I am storing a TAR file in Google Cloud Storage. The file can be successfully downloaded via gsutil
and extracted in my computer using macOS Archive Utility. However, the Java program that I implement always encounter java.io.IOException: Corrupted TAR archive
upon accessing the file. I have tried several ways and all of them are utilizing the org.apache.commons:commons-compress
library. Can you give me insight on how to fix this problem or something that I can try on?
Here are the implementations that I have tried:
Blob blob = storage.get(BUCKET_NAME, FILE_PATH);
blob.downloadTo(Paths.get("filename.tar"));
String contentType = blob.getContentType(); // application/x-tar
InputStream is = Channels.newInputStream(blob.reader());
String mime = URLConnection.guessContentTypeFromStream(is); // null
TarArchiveInputStream ais = new TarArchiveInputStream(is);
ais.getNextEntry(); // raise java.io.IOException: Corrupted TAR archive
InputStream is2 = new ByteArrayInputStream(blob.getContent());
String mime2 = URLConnection.guessContentTypeFromStream(is2); // null
TarArchiveInputStream ais2 = new TarArchiveInputStream(is2);
ais2.getNextEntry(); // raise java.io.IOException: Corrupted TAR archive
InputStream is3 = new FileInputStream("filename.tar");
String mime3 = URLConnection.guessContentTypeFromStream(is3); // null
TarArchiveInputStream ais3 = new TarArchiveInputStream(is3);
ais3.getNextEntry(); // raise java.io.IOException: Corrupted TAR archive
TarFile file = new TarFile(blob.getContent()); // raise java.io.IOException: Corrupted TAR archive
TarFile tarFile = new TarFile(Paths.get("filename.tar")); // raise java.io.IOException: Corrupted TAR archive
Addition: I have tried to parse a JSON from GCS and it's working fine.

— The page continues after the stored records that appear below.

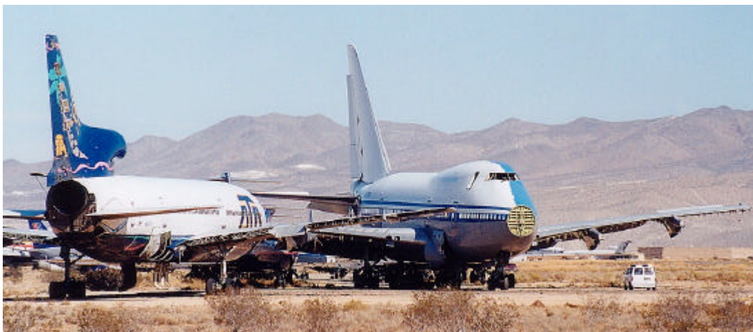
N136SW Half Air China, half Air Force One, getting dismembered at VCV Victorville - Southern California Logistics (International) (George AFB)
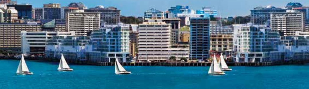
Photo this page: Explore Auckland's magnificent Waitemata Harbor, defined by the soaring Sky Tower, the tallest building in the Southern Hemisphere.
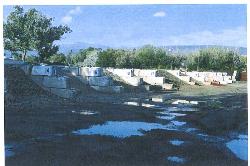
Storage bins surrounded by damp soil at GWL's current location.
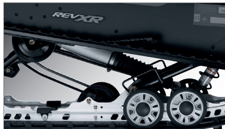
ACS Rear Suspension Customize the ride on the fly with a rocker switch on the handlebars that changes the preload level of the rear shock, for added comfort in varying trail conditions.
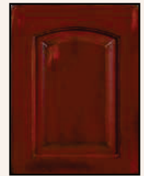
Antique Red on Brown Maple
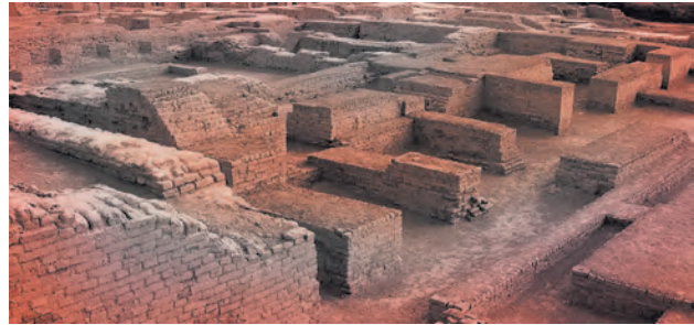
A multi-roomed house at Mohenjodaro

The remains at Mohenjodaro were considerably intact. So the glory of the city was revealed in way of the houses, majestic buildings, wide streets, etc. Thus the evidence of the impressive town planning, and public administration, characteristic of the Harappan civilisation came into light. The town planning of the Harappan cities can be easily compared with the town planning of a modern city like
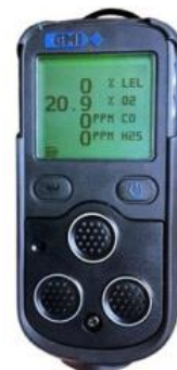
GMI PS200 CONFINED SPACE, 4 GASES PUMPED PERSONAL DETECTOR
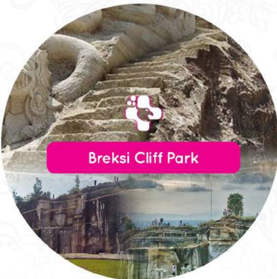
Breksi Cliff Park
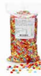
1 kg bag

The chocolate lentils come in different packages and volumes from bags, boxes/tubs, cartons to Big Bags of 600 kg.
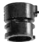
Ball check valve 60 mesh 065.265.56.00 25 mesh 065.266.56.00
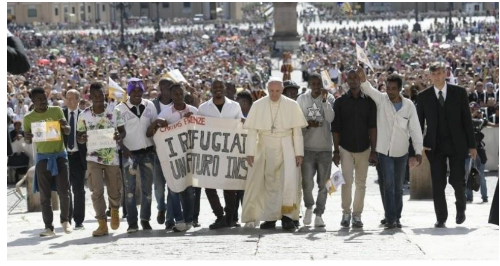
Pope Francis walks with those who are migrants and refugees.

The Catholic Church observes the World Day of Migrants and Refugees on the last Sunday of September each year. Leading up to September 29, the Catholic Church in the United States is celebrating National Migration Week (September 23-29), calling attention to the challenges confronting migrants and refugees, from their country of origin to their destination, and how Church teaching calls on Catholics to respond with compassionate acts of love. Catholic dioceses, schools, charitable organizations,

Blob blob = storage.get(BUCKET_NAME, FILE_PATH);
JSONTokener jt = new JSONTokener(Channels.newInputStream(blob.reader()));
JSONObject jo = new JSONObject(jt);
The problem is that your tar
is compressed, it is a tgz
file.
For that reason, you need to decompress the file when processing your tar contents.
Please, consider the following example; note the use of the common compress builtin GzipCompressorInputStream
class:
public static void main(String... args) {
final File archiveFile = new File("latest.tar");
try (
FileInputStream in = new FileInputStream(archiveFile);
GzipCompressorInputStream gzIn = new GzipCompressorInputStream(in);
TarArchiveInputStream tarIn = new TarArchiveInputStream(gzIn)
) {
TarArchiveEntry tarEntry = tarIn.getNextTarEntry();
while (tarEntry != null) {
final File path = new File("/tmp/" + File.separator + tarEntry.getName());
if (!path.getParentFile().exists()) {
path.getParentFile().mkdirs();
}
if (!tarEntry.isDirectory()) {
try (OutputStream out = new FileOutputStream(path)){
IOUtils.copy(tarIn, out);
}
}
tarEntry = tarIn.getNextTarEntry();
}
} catch (FileNotFoundException e) {
e.printStackTrace();
} catch (IOException e) {
e.printStackTrace();
}
}